- SOURCE MATERIAL
--

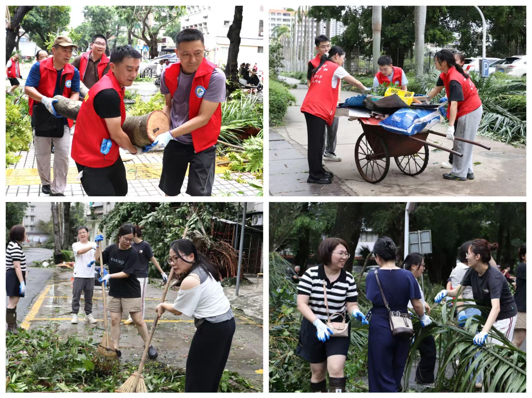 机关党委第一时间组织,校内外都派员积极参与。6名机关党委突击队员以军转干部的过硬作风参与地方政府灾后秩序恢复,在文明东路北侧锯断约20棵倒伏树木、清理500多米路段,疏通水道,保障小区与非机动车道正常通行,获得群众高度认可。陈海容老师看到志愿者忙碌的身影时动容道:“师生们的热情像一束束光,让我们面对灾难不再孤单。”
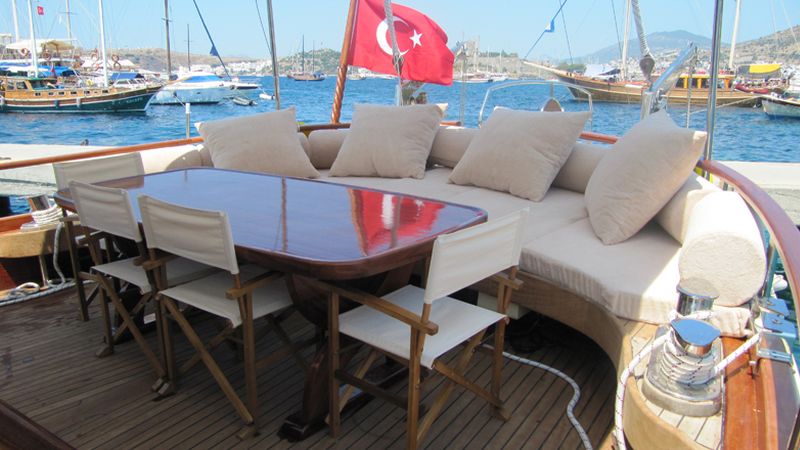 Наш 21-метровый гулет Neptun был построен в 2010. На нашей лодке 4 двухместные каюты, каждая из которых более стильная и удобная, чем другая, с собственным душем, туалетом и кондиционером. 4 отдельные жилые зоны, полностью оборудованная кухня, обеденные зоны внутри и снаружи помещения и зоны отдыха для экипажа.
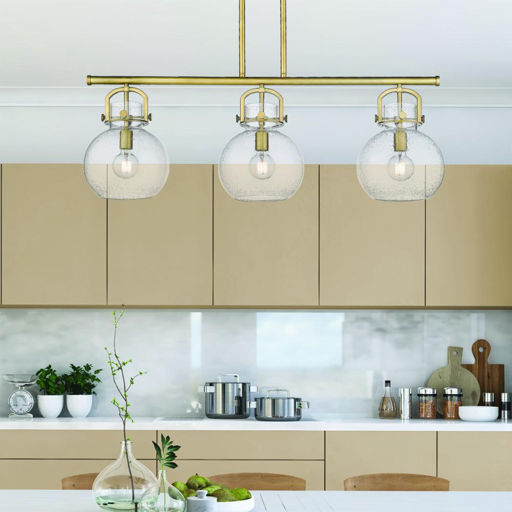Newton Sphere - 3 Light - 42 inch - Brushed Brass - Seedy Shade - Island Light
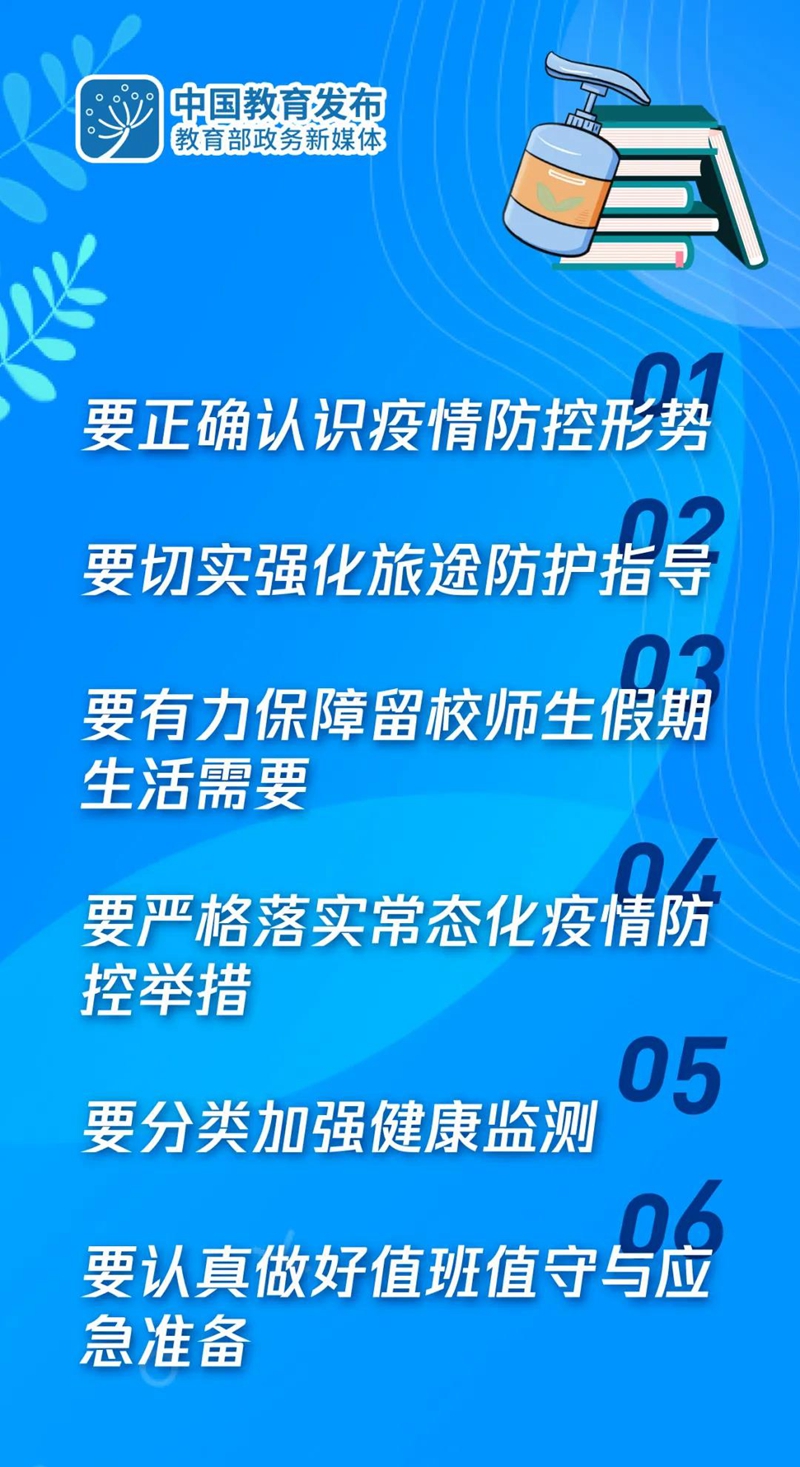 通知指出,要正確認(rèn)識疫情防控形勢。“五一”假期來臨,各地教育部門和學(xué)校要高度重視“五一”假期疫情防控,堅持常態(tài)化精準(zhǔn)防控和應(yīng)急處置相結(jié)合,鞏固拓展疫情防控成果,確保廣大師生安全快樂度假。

--

- WHAT YOU SHOULD DO
A faithful copy of all the data above, without its pictures, is the expected result.

- RESULT FOR THIS TASK
 机关党委第一时间组织,校内外都派员积极参与。6名机关党委突击队员以军转干部的过硬作风参与地方政府灾后秩序恢复,在文明东路北侧锯断约20棵倒伏树木、清理500多米路段,疏通水道,保障小区与非机动车道正常通行,获得群众高度认可。陈海容老师看到志愿者忙碌的身影时动容道:“师生们的热情像一束束光,让我们面对灾难不再孤单。”
 Наш 21-метровый гулет Neptun был построен в 2010. На нашей лодке 4 двухместные каюты, каждая из которых более стильная и удобная, чем другая, с собственным душем, туалетом и кондиционером. 4 отдельные жилые зоны, полностью оборудованная кухня, обеденные зоны внутри и снаружи помещения и зоны отдыха для экипажа.
Newton Sphere - 3 Light - 42 inch - Brushed Brass - Seedy Shade - Island Light
 通知指出,要正確認(rèn)識疫情防控形勢。“五一”假期來臨,各地教育部門和學(xué)校要高度重視“五一”假期疫情防控,堅持常態(tài)化精準(zhǔn)防控和應(yīng)急處置相結(jié)合,鞏固拓展疫情防控成果,確保廣大師生安全快樂度假。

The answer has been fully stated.